Beyond major gene effects, many QTLs with minor effects on palmitic acid levels have been discovered in soybean [5, 18], and our study uncovered three additional QTLs for this trait in wild soybeans that all appear to be in novel positions. The SNP on chromosome 14 at 22537916 bp had the greatest effect, with the TT genotype at this marker decreasing the palmitic acid mean from 12.95% in the CC genotype to 12.15%. Selection for the T allele at this marker therefore might be useful in reducing the palmitic acid level, but this same allele also reduced oleic acid (Table 2) from about 15% in the GG genotype to 12% in the TT genotype). Although this is consistent with the positive correlation between palmitic and oleic acid in our sample (Table 1), increases rather than decreases in oleic acid are considered optimal for cardiovascular health [3]. A better strategy therefore would be to select for QTLs affecting palmitic acid, such as those we found on chromosomes six and seven (Table 2), that have no pleiotropic effects on oleic acid.

We also discovered three SNPs associated with the other saturated fatty acid, stearic acid (Table 2). Two were clustered on chromosome 14, and it seems quite likely that the candidate gene underlying both SNPs is Glyma.14G121400.1 that codes for plant stearoyl-acyl-carrier-protein desaturase. This is an enzyme that catalyzes the conversion of stearoyl-ACP to oleoyol-ACP and plays an important role in the biosynthesis of unsaturated fatty acids (specifically, oleic acid) from saturated fatty acids [43]. The other SNP associated with stearic acid is located in the soybean gene Glyma.16G068500.1 that codes for surfeit locus protein two (SURF2). Ma et al. [44] found that this protein was differentially expressed after 6 and 12 h of rehydration of desiccated Myrothamnus flabellifolia branches, with the fatty acid biosynthetic pathway among those significantly enriched during the rehydration process.

Wild soybean unsaturated fatty acids

Oleic acid is a monounsaturated fatty acid that at high levels is associated with increased health benefits as well as oxidative stability [5, 45]. In soybean, this fatty acid typically averages 20–25% [46, 47], although its level in our wild soybean sample was considerably lower than this (overall average = 15%), especially in accessions from Japan. This difference might partially be explained by selection for overall oil content in domesticated soybeans that has increased oleic acid levels as well. Consistent with this, oleic acid in our wild soybean sample was the only one of the five fatty acids to exhibit a significant, positive (although low) correlation with total oil content (Table 1). Direct selection for increased oleic acid itself also has been practiced in domesticated soybeans, especially with the discovery of mutant FAD2 genes that can increase its level to as much as 80% or more [47, 48]. This approach appears very promising, although in some populations these mutant alleles may negatively impact yield [5].

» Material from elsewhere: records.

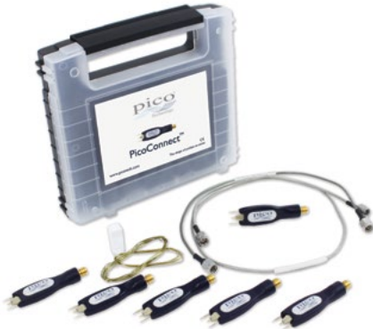
PicoConnect™ 900 Series kit
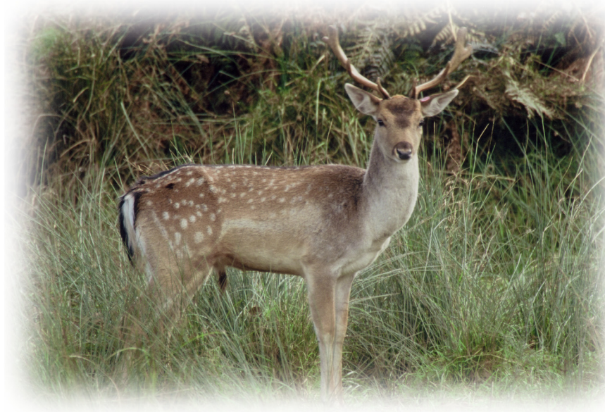
penile tuft is obvious in male, young common coloured buck coming into winter coat

Well known for making tracks through, and sitting in, standing cereal crops, which can open crops out to wind-blow. Bucks may cause serious damage by fraying and thrashing trees and shrubs, especially in areas where they are resident and during the rut.
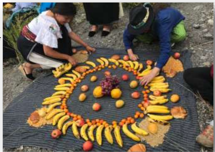
COTACACHI AND TOCTIUCO GARDENS OF LIFE

Pandemic has impacted on Grail women and social justice women who work with indigenous people in Ecuador and are not able to work with them as before. All the usual problems: loss of jobs, more vulnerable are immigrants and refugees.

We found five SNPs associated with oleic acid, including one on chromosome 14 in the same position as a SNP associated with palmitic acid. Two SNPs clustered on chromosome 16 generated the highest –log10 P values, but mapped in a region where no previous QTLs affecting oleic acid have been reported. Among the candidate gene possibilities in this region is Glyma.16G014000 that codes for the enzyme pectin methylesterase 1 (Additional file 5) that in kiwis is influenced by the level of oleic acid [49]. An oleic acid SNP on chromosome seven was interesting because it colocalized with another SNP associated with linoleic acid, discussed below. A final SNP on chromosome nine showed an association with oleic acid, but it barely reached the suggestive threshold and in fact would fall below this level with an appropriate adjustment for the genomic inflation in this trait.

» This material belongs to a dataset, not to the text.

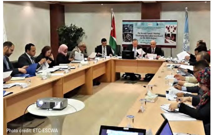
Session of the EGM in Amman on 19 and 20 March 2015

While all countries in the Middle East and North Africa (MENA) region recognize the importance of innovation on the road to the knowledge economy, an articulated understanding of national innovation systems is still lacking, and little data are available on countries’ capacities and performances in innovation. The European

Linoleic acid is a polyunsaturated fatty acid that, unlike oleic acid, does not exhibit oxidative stability and therefore can quickly become rancid, effectively reducing its shelf life [10, 47]. To remedy this, soy oil typically is hydrogenated, but this produces trans-fats that are associated with cardiovascular problems [4, 50]. Linoleic acid makes up the largest proportion (typically about 2%) in soy oil (Fehr [37]), as it also did in our wild soybean sample (mean = 54%), so there has been a considerable incentive to considerably reduce the level of this fatty acid. Fortunately, the mutant FAD2 genes discussed above do precisely this by largely disrupting the conversion of oleic acid precursors into linoleic acid precursors [47]. As a consequence, less emphasis appears to have been put on discovering major genes that reduce linoleic acid levels, although a number of QTLs with minor effects on fatty acid have been discovered [6, 18].

Our CMLM analysis produced nine SNPs associated with linoleic acid, the highest number for any of the seven traits. Most notable were six SNPs clustered in an interval from 11.58 to 11.75 Mb on chromosome seven, an area where no previous QTLs affecting this trait have been found. Two SNPs in the proximal part of this region (at ll.58 Mb) are found within Glyma.07G112100.1, and three other SNPs (11.59 to 11.60 Mb) are within 50 Kb of this gene. In Arabidopsis, this gene codes for a mitochondrial transcription termination factor (MTERF) family protein. Babiychuk et al. [51] characterized a number of Arabidopsis proteins in the MTERF family, and showed that they are essential for plastid gene expression and plant development, including biosynthesis of fatty acids. Thus this gene would appear to be a strong candidate for the QTLs on chromosome seven affecting linoleic acid in the wild soybeans. Glyma.07G112100.1 also is within 50 Kb of the SNP on chromosome seven associated with palmitic acid (Additional file 5), so seems a likely candidate gene for that fatty acid as well.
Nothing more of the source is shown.